Pamiątkowa tablica stoi tuż obok Stadionu Narodowego od strony Wybrzeża Szczecińskiego. Pomnik odsłonięto 44 lata po tragicznych wydarzeniach na Stadionie Dziesięsiolecia, gdzie 8 września 1968 r. Ryszard Siwiec podpalił się w czasie Centralnych Dożynek. Był to protest przeciwko agresji wojsk Układu Warszawskiego na Czechosłowację.
Po to, żeby nie zginęła prawda
Ryszard Siwiec starał się mówić prawdę o komunizmie w Polsce. Nie akceptował rzeczywistości PRL. W efekcie zdecydował się na tragiczny gest. W obecności 100-tysięcznej publiczności, oblał się rozpuszczalnikiem i podpalił. Na oczach partyjnych notabli krzyczał "Protestuję" i rozrzucał ulotki z apelem protestacyjnym.
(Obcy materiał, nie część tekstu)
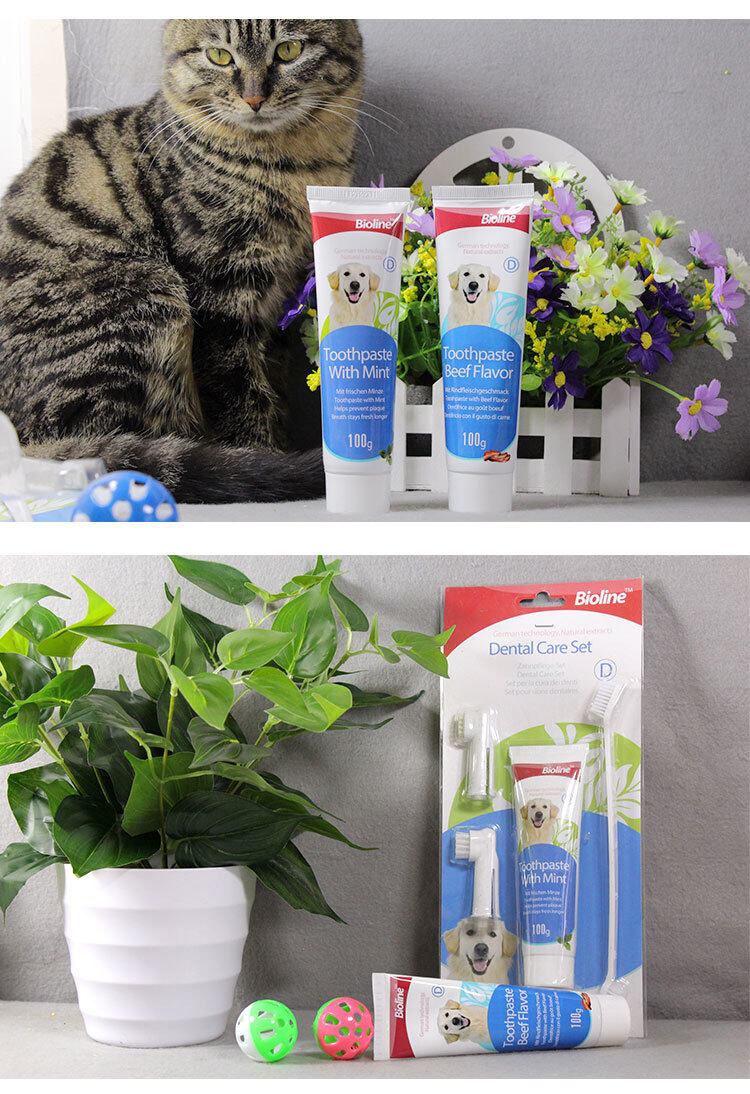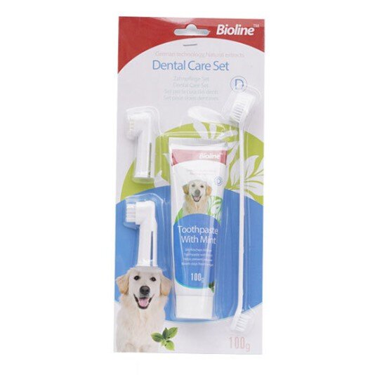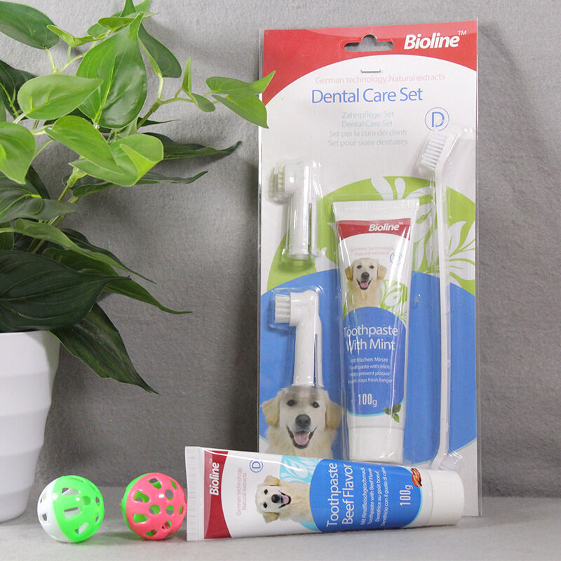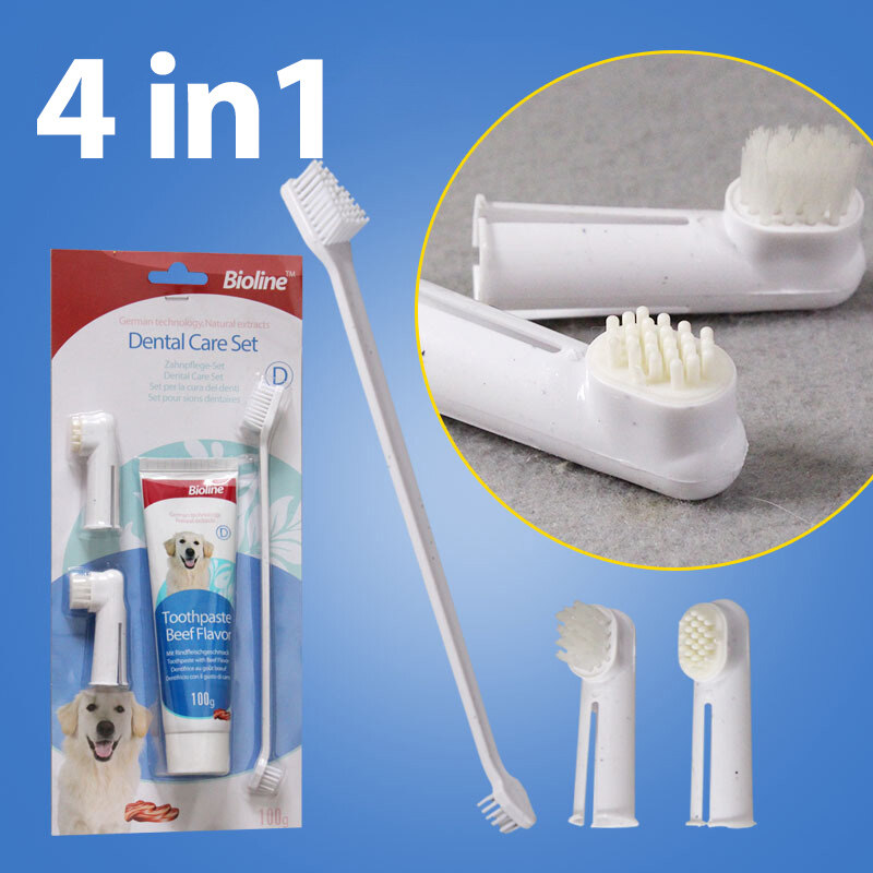 Bioline Set 4in 1 Toothpaste For Dog's Freash Breath Toothpaste odol pasta gigi Dog Toothpaste Pet Toothbrush Pet Dental Care

Na kilka godzin przed samopodpaleniem napisał pożegnalny list do żony
Kochana Marysiu, nie płacz. Szkoda sił, a będą ci potrzebne. Jestem pewny, że dla tej chwili żyłem 60lat. Wybacz, nie mogłem inaczej. Po to, żeby nie zginęła prawda, człowieczeństwo i wolność
Ryszard Siwiec zmarł 12 września 1968 roku w wyniku oparzeń. Komunistyczna prasa nie skomentowała tego wydarzenia. Po raz pierwszy o czynie Siwca można było usłyszeć dopiero w Radiu Wolna Europa w 1969 roku. Został pochowany w Przemyślu.